### Stored data entries
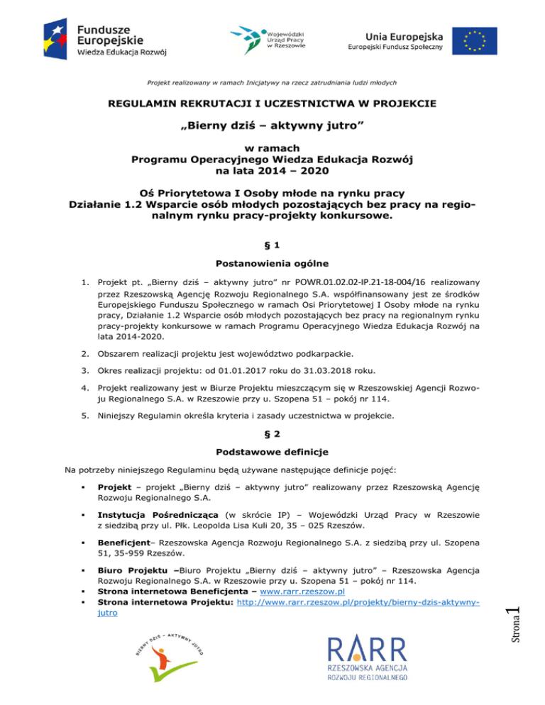 Projekt realizowany w ramach Inicjatywy na rzecz zatrudniania ludzi młodych REGULAMIN REKRUTACJI I UCZESTNICTWA W PROJEKCIE „Bierny dziś – aktywny jutro” w ramach Programu Operacyjnego Wiedza Edukacja Rozwój na lata 2014 – 2020 Oś Priorytetowa I Osoby młode na rynku pracy Działanie 1.2 Wsparcie osób młodych pozostających bez pracy na regionalnym rynku pracy-projekty konkursowe. §1 Postanowienia ogólne 1. Projekt pt. „Bierny dziś – aktywny jutro” nr POWR.01.02.02-IP.21-18-004/16 realizowany przez Rzeszowską Agencję Rozwoju Regionalnego S.A. współfinansowany jest ze środków Europejskiego Funduszu Społecznego w ramach Osi Priorytetowej I Osoby młode na rynku pracy, Działanie 1.2 Wsparcie osób młodych pozostających bez pracy na regionalnym rynku pracy-projekty konkursowe w ramach Programu Operacyjnego Wiedza Edukacja Rozwój na lata 2014-2020. 2. Obszarem realizacji projektu jest województwo podkarpackie. 3. Okres realizacji projektu: od 01.01.2017 roku do 31.03.2018 roku. 4. Projekt realizowany jest w Biurze Projektu mieszczącym się w Rzeszowskiej Agencji Rozwoju Regionalnego S.A. w Rzeszowie przy u. Szopena 51 – pokój nr 114. 5. Niniejszy Regulamin określa kryteria i zasady uczestnictwa w projekcie. §2 Podstawowe definicje Projekt – projekt „Bierny dziś – aktywny jutro” realizowany przez Rzeszowską Agencję Rozwoju Regionalnego S.A. Instytucja Pośrednicząca (w skrócie IP) – Wojewódzki Urząd Pracy w Rzeszowie z siedzibą przy ul. Płk. Leopolda Lisa Kuli 20, 35 – 025 Rzeszów. Beneficjent– Rzeszowska Agencja Rozwoju Regionalnego S.A. z siedzibą przy ul. Szopena 51, 35-959 Rzeszów. Biuro Projektu –Biuro Projektu „Bierny dziś – aktywny jutro” – Rzeszowska Agencja Rozwoju Regionalnego S.A. w Rzeszowie przy u. Szopena 51 – pokój nr 114. Strona internetowa Beneficjenta – www.rarr.rzeszow.pl Strona internetowa Projektu: http://www.rarr.rzeszow.pl/projekty/bierny-dzis-aktywnyjutro Strona 1 Na potrzeby niniejszego Regulaminu będą używane następujące definicje pojęć: Projekt realizowany w ramach Inicjatywy na rzecz zatrudniania ludzi młodych Uczestnik projektu– Kandydat, który zostanie zakwalifikowany do udziału w Projekcie, zgodnie z zasadami określonymi w Regulaminie rekrutacji i uczestnictwa w projekcie i skorzysta z co najmniej jednej formy wsparcia zaproponowanej w Projekcie. Dzień przystąpienia do Projektu – dzień podpisania Deklaracji uczestnictwa w projekcie. Deklaracja uczestnictwa w projekcie jest podpisywana tylko przez osoby, które zostały zakwalifikowane do udziału w projekcie. Dokumenty rekrutacyjne – komplet dokumentów, który należy złożyć w Biurze Projektu, w terminie podanym w ogłoszeniu o naborze uczestników do Projektu. NIK – Numer Identyfikacyjny Kandydata – numer nadany w momencie złożenia Dokumentów rekrutacyjnych. Komisja Rekrutacyjna (w skrócie KR) – zespół oceniający Dokumenty rekrutacyjne kandydatów do udziału w Projekcie i dokonujący kwalifikacji Kandydatów na Uczestników projektu Osoby o niskich kwalifikacjach – osoby posiadające wykształcenie na poziomie do ISCED 3 – wykształcenie ponadgimnazjalne (włącznie); Osoby z niepełnosprawnościami –osoby niepełnosprawne w rozumieniu ustawy z dnia 27 sierpnia 1997 r. o rehabilitacji zawodowej i społecznej oraz zatrudnianiu osób niepełnosprawnych (Dz. U. z 2011 r. Nr 127, poz. 721, z późn. zm.), a także osoby z zaburzeniami psychicznymi w rozumieniu ustawy z dnia 19 sierpnia 1994 r. o ochronie zdrowia psychicznego (Dz. U. z 2011 r. Nr 231, poz. 1375) Wsparciem w projektach mogą być objęte wyłącznie osoby niezarejestrowane w urzędach pracy, tj.: Osoby bezrobotne - w rozumieniu definicji zawartej we Wspólnej Liście Wskaźników Kluczowych (WLWK) to osoby, które deklarują, że pozostają bez pracy, są gotowe do podjęcia pracy i aktywnie poszukują zatrudnienia. Osoby bierne zawodowo – w rozumieniu definicji zawartej we Wspólnej Liście Wskaźników Kluczowych (WLWK) to osoby, które deklarują, że nie pracują i aktywnie nie poszukują zatrudnienia. Osoby, które w danej chwili nie tworzą zasobów siły roboczej (tzn. nie pracują1 i nie są bezrobotne). Studenci studiów stacjonarnych są uznawani za osoby bierne za- Strona Osoby pracujące to osoby w wieku 15 lat i więcej, które wykonują pracę, za którą otrzymują wynagrodzenie, z której czerpią zyski lub korzyści rodzinne lub osoby posiadające zatrudnienie lub własną działalność, które jednak chwilowo nie pracowały ze względu na np. chorobę, urlop, spór pracowniczy czy kształcenie się lub szkolenie. Osoby prowadzące działalność na własny rachunek – prowadzące działalność gospodarczą, gospodarstwo rolne lub praktykę zawodową - są również uznawane za pracujących, o ile spełniony jest jeden z poniższych warunków: 1) osoba pracuje w swojej działalności, praktyce zawodowej lub gospodarstwie rolnym w celu uzyskania dochodu, nawet jeżeli przedsiębiorstwo nie osiąga zysków; 2) osoba poświęca czas na prowadzenie działalności gospodarczej, praktyki zawodowej czy gospodarstwa rolnego, nawet jeżeli nie zrealizowano żadnej sprzedaży lub usług i nic nie wyprodukowano (np. rolnik wykonujący prace w celu utrzymania swojego gospodarstwa; architekt spędzający czas w oczekiwaniu na klientów w swoim biurze; rybak naprawiający łódkę czy siatki rybackie, aby móc dalej pracować; osoby uczestniczące w konwencjach lub seminariach); 3) osoba jest w trakcie zakładania działalności gospodarczej, gospodarstwa rolnego lub praktyki zawodowej; zalicza się do tego zakup lub instalację sprzętu, zamawianie towarów w ramach przygotowań do uruchomienia działalności. Bezpłatnie pomagający członek rodziny uznawany jest za osobę pracującą, jeżeli wykonywaną przez siebie pracą wnosi bezpośredni wkład w działalność gospodarczą, gospodarstwo rolne lub praktykę zaw
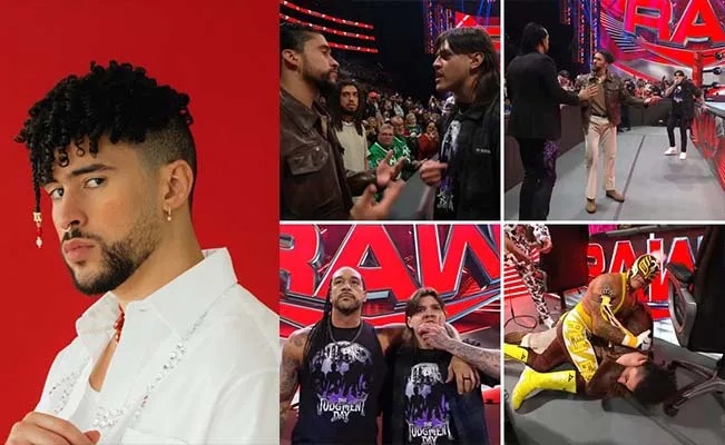 El cantante fue arrojado contra la mesa de comentaristas por el luchador Dominik Mysterio
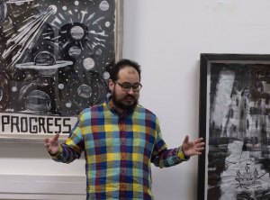 Ilde Ik wilde de 2 kunstenaars met elkaar confronteren. Sara Greet Gilis is een beeldhouwster die ook tekent. Haar tekeningen verkennen de grens van de realiteit en graven diep in de menselijke psyche. Voor GAST creëerde ze een 5 meter lange tekencollage met surreële bevreemdende wezens en ingewanden. Haar werk is ingetogen daar tegenover plaats ik het werk van Guilherme De Oliveira die schreeuwt en om zich heen schopt. Hij laat een paranoïde wereld zien. Zijn werk is cynisch en vol humor. Ondanks de wezenlijke verschillen in hun oeuvre zijn ze beide op zoek naar de essentie van ‘La condition humaine’.
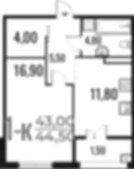 16 273 650 ₽1-к.квартира, 43 м², 5 эт.
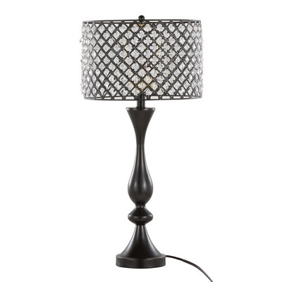 | Colors include: Oil Rubbed Bronze, Clear Crystal Add some glamour to your life with the slim yet curvaceous Topaz Table Lamp from Grandview Gallery by LumiSource. This lamp showcases a round base that builds up into an elegantly tiered body and is crowned by a crystalline metal shade casts a radiant display of distinctive cascading patterns through its crystal shade. Whether resting on your nightstands, set on a side table in the den, or tucked into your favorite reading nook, this lamp is a chic addition to any aesthetic. REQUIRES TWO (2) 60W BULBS, BULBS NOT INCLUDED; Indoor use only, UL Listed, cUL Listed, Assembly required 13"L x 13"W x 27.5"H Shade to Floor Height: 18.75" Base Length: 5.5" Base Width: 5.5" Lamp Body Height: 17.25" Lamp Neck Height: 1.5" Shade Length: 13" Shade Width: 13" Shade Height: 8.5" Finial Height: 0.75" Harp/pole Height: 7" Oil rubbed bronze finish Drum shade Clear K9 crystal accents Rotary switch Suitable for Living Room, Den, Bedroom, Office Item Weight: 5.5 Ships in 1 box(es) |

### PROBLEM TO WORK ON
Retype exactly the lines from the line containing "16 273 650 ₽1-к.квартира, 43 м², 5 эт." through the end of the entries above, including both ends, and leave every picture out.

### ANSWER SPACE
 16 273 650 ₽1-к.квартира, 43 м², 5 эт.
 | Colors include: Oil Rubbed Bronze, Clear Crystal Add some glamour to your life with the slim yet curvaceous Topaz Table Lamp from Grandview Gallery by LumiSource. This lamp showcases a round base that builds up into an elegantly tiered body and is crowned by a crystalline metal shade casts a radiant display of distinctive cascading patterns through its crystal shade. Whether resting on your nightstands, set on a side table in the den, or tucked into your favorite reading nook, this lamp is a chic addition to any aesthetic. REQUIRES TWO (2) 60W BULBS, BULBS NOT INCLUDED; Indoor use only, UL Listed, cUL Listed, Assembly required 13"L x 13"W x 27.5"H Shade to Floor Height: 18.75" Base Length: 5.5" Base Width: 5.5" Lamp Body Height: 17.25" Lamp Neck Height: 1.5" Shade Length: 13" Shade Width: 13" Shade Height: 8.5" Finial Height: 0.75" Harp/pole Height: 7" Oil rubbed bronze finish Drum shade Clear K9 crystal accents Rotary switch Suitable for Living Room, Den, Bedroom, Office Item Weight: 5.5 Ships in 1 box(es) |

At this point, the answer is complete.